Но когда бутылки опустели, их сменили другими.
Маркиз приказал приготовить самые лучшие комнаты для короля и великого конюшего. Он сам в сопровождении лакеев, несших светильники, счел своим долгом проводить в них своих гостей. После обычных приветствий маркиз удалился; Генрих был в своей комнате, Бельгард в своей.
– Наконец!.. ворчал герцог.– Наконец то!..
Тем не менее, из блогоразумия, он подождал минут двадцать прежде, чем отправиться к своей красавице, без сомнения очень удивленной, что он запоздал… Идет!.. Король должен быть в постели!..
Оставив свою шпагу, Бельгард задул все свечи в своей комнате и тихо отворил дверь…
– Ба!.. Ты куда, Белыард?
Король!.. Король прогуливался по коридору со свечой в руках…
– Государь!
– Разве ты все еще болен?
– Нет, государь!..
– Тем лучше!.. тем лучше!.. Войди на минуту ко мне, я тебе расскажу….
Генрих впустил Бельгарда вперед, сел рядом с ним и начал, понизив голос:
– Держу пари, что у тебя была одна со мной идея, Бельгард. Ты вышел за тем, чтобы сообщить мне ее?
– Какую идею государь?
– Э! что с моей стороны было глупостью так легкомысленно довериться гостеприимству дворянина, которого я очень мало знаю, которого я почти не знаю совсем… Предположим, что как только я явился в этот замок, маркиз послал известить врагов, находящихся в окрестностях… Славную штуку удерем мы, ты и я, против четырех или пятисот лигеров!.. Д’Эстре не похож на предателя, я согласен, но в это время волнения, кто честный человек и кто плут? Э! э! за меня сегодня дорого бы заплатили мусье де Майен и Испанцы!.. Наконец я знаю, что ты также беспокоишься этим как и я, мой друг. Быть может мы с тобой заблуждаемся, и господин д’Эстре есть цвет честности. Все равно!
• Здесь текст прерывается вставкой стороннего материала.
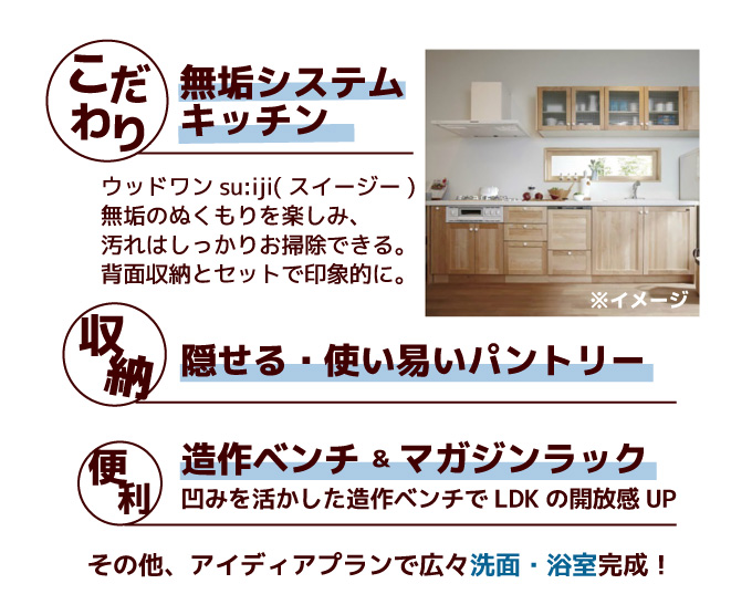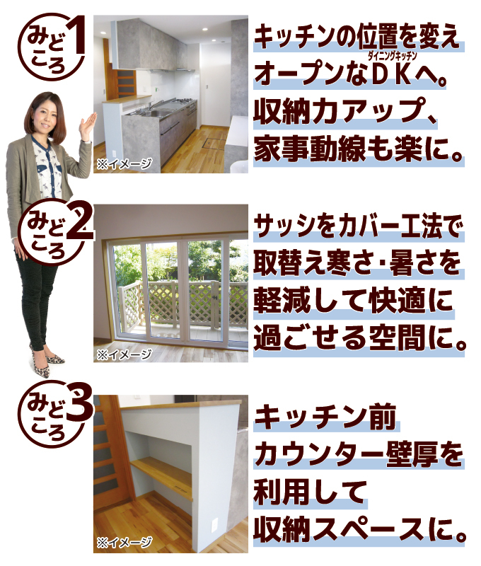 ①キッチンの位置を変えオープンなダイニングキッチンへ。収納力アップ、家事動線も楽に、 ②サッシをカバー工法で取替え寒さ・暑さを軽減して快適に過ごせる空間に、 ③キッチン前カウンター壁厚を利用して収納スペースに

Завтра утром мы оставляем этот замок и целую ночь проведем вместе… Ventre saint-gris! нужно будет сначала разбить эту дверь, чтобы достигнуть до нас!..
Генрих встал, чтобы запереть дверь, ключ от которой он положил себе в карман. Бельгард смотрел на него как остолбенелый; столь изумленный и комический в своем остолбенении, что самый серьезный из королей не мог удержаться, и против его воли насмешливая улыбка пробежала по его губам. Эта улыбка открыла все великому конюшему.
– По истине, государь, – с горестью сказал он, – вы не великодушны!
– Как! Что ты под этим подразумеваешь, Бельгард? В чем я выказал свое невеликодушие?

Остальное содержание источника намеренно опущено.